The spatial analysis (model [1]) for continuous traits showed that the Spline effects absorbed most of the spatial variation. Hence, the microblock became a negligible factor in models [2] and [3] and was discarded in the analysis of provenance effects (Table 2). Given the competition effects (Additional file 1: Figure S3) and the influence of tree size on tree shape (Additional file 1: Figure S4), corrections were made for aCIRC10-20, SHP10 and SHP20, according to models [3] and [4]. The mixed models also made it possible to account for random effects of the different sources of variation due to the experimental layout (Table 2). For dimensional continuous traits (HT and CIRC), the main sources of variation were test and plot, in addition to the residuals (mostly within-plot effects). For bud burst (DEB3), the dominant sources of variation were test and microblock, whereas for stem shape (SHP10), the dominant sources of variation were site and test. Large effects of yearly sets on survival were detected, suggesting a possible impact of yearly differences of stress events after plantation. Finally, the effects of interactions between provenance and experimental sources of variation (test, site, or set) were limited, and these effects were therefore discarded from the models for most discrete traits (Table 2).

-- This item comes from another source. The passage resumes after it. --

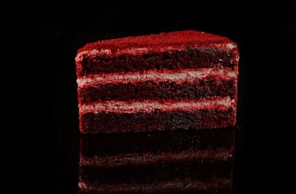 Состав: Мука, яйцо, сахар, кефир, растительное масло, разрыхлитель, какао, краситель, творожный сыр, сливки, сахарная пудра

Table 2 Variances due to random effects in the mixed models. Variances are expressed relative to the total variance of all random terms

For all traits, we implemented all the linear models ([2] to [4]) both with and without the introduction of provenance as a fixed effect. We compared the Akaike information criterion (AIC) values between the two implementations of each model. The inclusion of provenance effects systematically decreased the AIC (by more than 2 AIC units), whether considering Q. petraea and Q. robur provenances together or separately. In addition, an analysis of variance showed that provenance effects were highly significant for all traits (F test, p < 0.001). The variation between provenances is illustrated in Additional file 1: Table S2. Height growth (HT10) ranged from 458 cm (provenance Parc Saint Quentin) to 369 cm (provenance Vouillé). Earlier-flushing provenances were located in the South of France (Grésigne and Vachères) and late-flushing provenances were found in the North East of France (provenance Sturzelbronn, Saint Jean, and Haguenau1). Pedunculate oak provenances (Fontainebleau2, Compiègne1 and Mees) also flushed later. The ranking of provenances for stem shape varied slightly from years 10 to 20. The provenances for which stem shape was best at age 20 were Blois2, and La Haie Rénaut. Finally, SURV10 varied little between provenances, as survival exceeded 90% for all provenances.

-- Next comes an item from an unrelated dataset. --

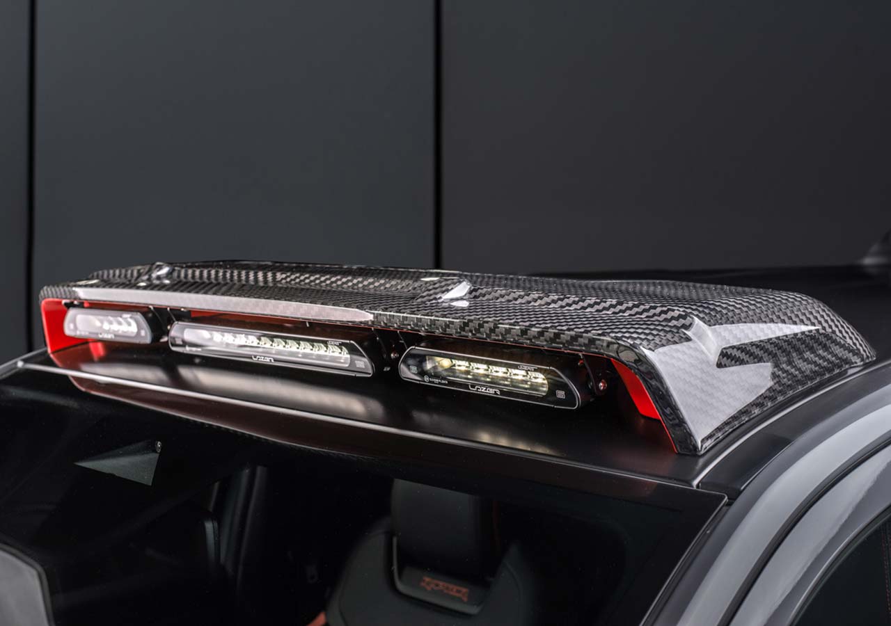 – X-Works carbon roof light equipped with Lazer Linear Standard LED lights (1 x 12, 2 x 6)

Correlation of provenance mean values and climatic variables

To account for the ecological drivers of provenance differentiation we computed Pearson correlations between provenance trait values and climatic data, using the data of the Sillegny site, that comprised the largest number of provenances, and where HT20 was recorded as well. Using the data of Sillegny allowed also to compute trait-climate correlations over the whole set of provenances including origins from other countries than France (Additional file 1: Table S1b), thus encompassing a larger range of climate variation. Calculations were done with two samples: the overall sample of provenances, and a restricted sample discarding provenances of Georgia and Ireland that distorted the range of climatic variables and traits (Table 3). We found significant clinal genetic variations between trait values and climatic data for growth and bud burst (Table 3); we illustrate some of the clines (Figs. 1, 2, and 3) for cases where correlations were significant for both samples. Growth traits (aCIRC10_20 and HT20) were positively correlated with temperature (Figs. 1 and 2) and, to a lesser extent, negatively with precipitation, resulting in higher growth for provenances originating from climates with stronger unbalance between heat and moisture (Table 3). The timing of apical bud burst (DEB3) was correlated with higher temperature (spring and annual temperature) and warmer growing season (SSD5, GSSD5), and with the mean diurnal range of temperature (MDR, Fig. 3): early flushing provenances originate from climates with large diurnal ranges. Survival and stem shape did not exhibit congruent correlation with climatic variables between the two samples, except for SURV10-MDR.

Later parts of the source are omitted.